The radioallergosorbent test (RAST) measures specific IgE in the serum of allergic animals. In this technique, antigen-impregnated cellulose disks are immersed in test serum so that any antibody binds to the antigen. After washing to remove unbound antibody, the disk is immersed in a solution containing radiolabeled antiglobulin (e.g., anti-IgE). The antiglobulin binds only if IgE has bound to the antigen. The amount of radioactivity bound to the disk is therefore a measure of the level of specific IgE antibody activity in the serum.

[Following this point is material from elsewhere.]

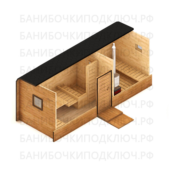 Баня парус 6 x 2,3 м с проходной мойкой

Radioimmunoassays for Antigen

Competitive immunoassays are based on the principle that unlabeled antigen will displace radiolabeled antigen from immune complexes (Figure 41-1). These tests are exquisitely sensitive and are commonly used to detect trace amounts of drugs. The antigen (or drug) is labeled with a radioactive isotope such as tritium (H³), carbon-14, or iodine-125. When radiolabeled antigen is mixed with its specific antibody, the two combine to form immune complexes that can be precipitated out of solution. Any radioactivity remaining in the supernatant fluid is due to the presence of unbound antigen. If unlabeled antigen is added to the mixture, before adding the antibody, it will compete with the radioactive antigen for antibody-binding sites. As a result, some labeled antigen will be unable to bind, and the amount of radioactivity in the supernatant will increase. If a standard curve is first constructed based on the use of known amounts of unlabeled antigen, the amount of antigen in a test sample may be measured by reference to this standard curve.

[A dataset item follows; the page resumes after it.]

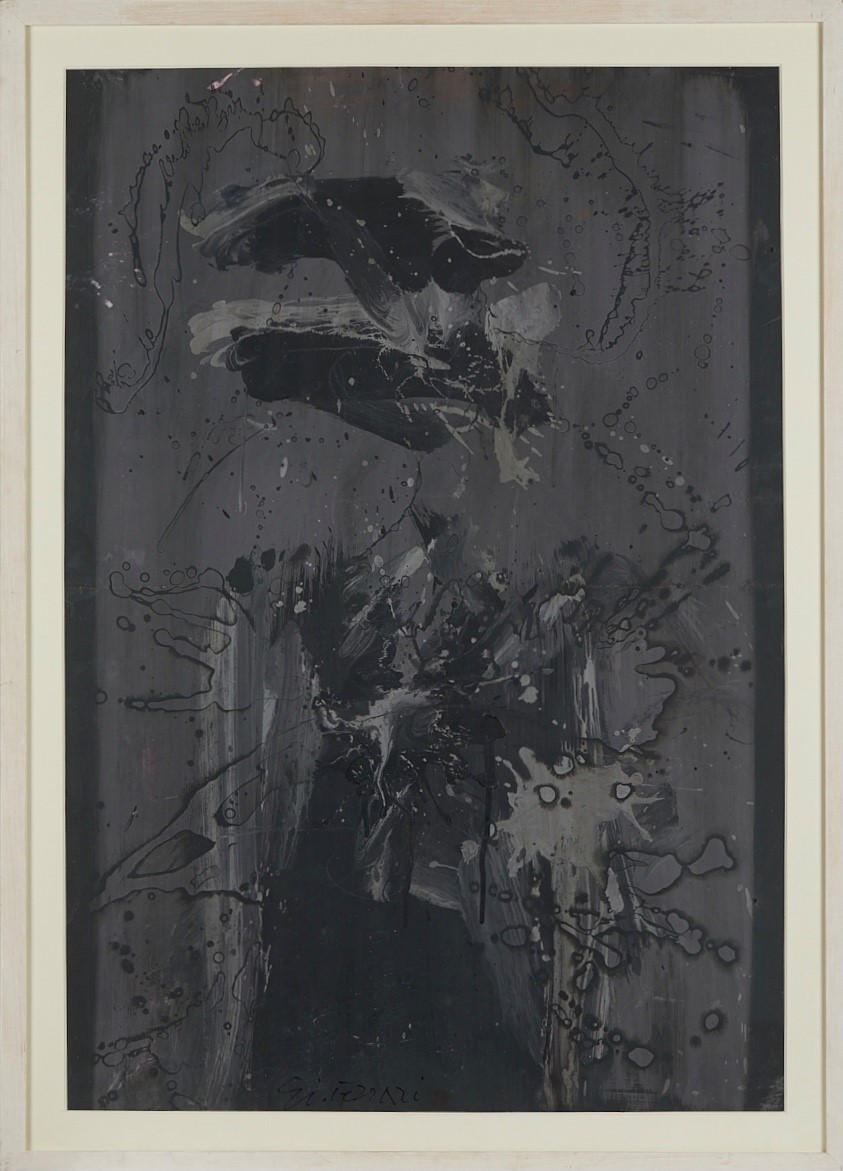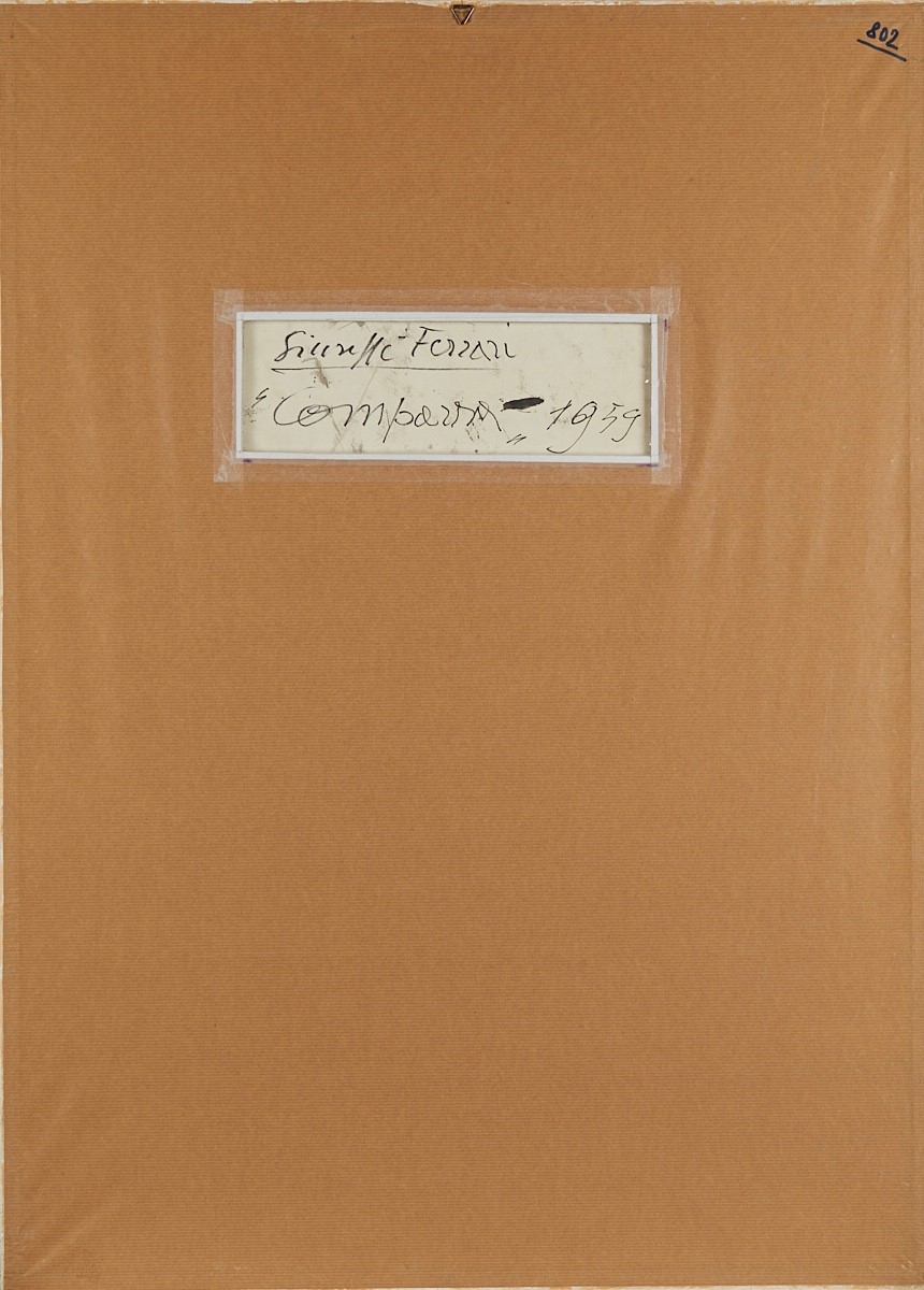 GIUSEPPE FERRARI (Bologna 1921 - 2011) "Comparsa", 1959. Acrilico su carta. Cm 77,5x53,5. Opera firmata, datata e intitolata al retro Giuseppe Ferrari, Comparsa 1959.

Direct Fluorescent Antibody Tests

Direct fluorescent antibody tests are used to identify the presence of antigen in a tissue sample. Antibody directed against a specific antigen such as a bacterium or virus is first labeled with FITC. A tissue section or smear containing the organism is fixed to a glass slide, incubated with the labeled antiserum, and then washed to remove any unbound antibody (Figure 41-2). When examined by darkfield illumination under a microscope with an ultraviolet light source, the organisms that bind the labeled antibody will fluoresce brightly. This test can identify the presence of small numbers of bacteria in a sample. For example, it can be used to detect M. avium subspecies paratuberculosis in feces, or to detect bacteria such as Dichelobacter nodosus, Listeria monocytogenes, or clostridia in diseased tissues (Figure 41-3). It may also be employed to detect viruses in tissue culture or in tissues from infected animals. Examples include the detection of rabies virus in the brains of infected animals or feline leukemia virus in infected cat leukocytes (Figure 38-3).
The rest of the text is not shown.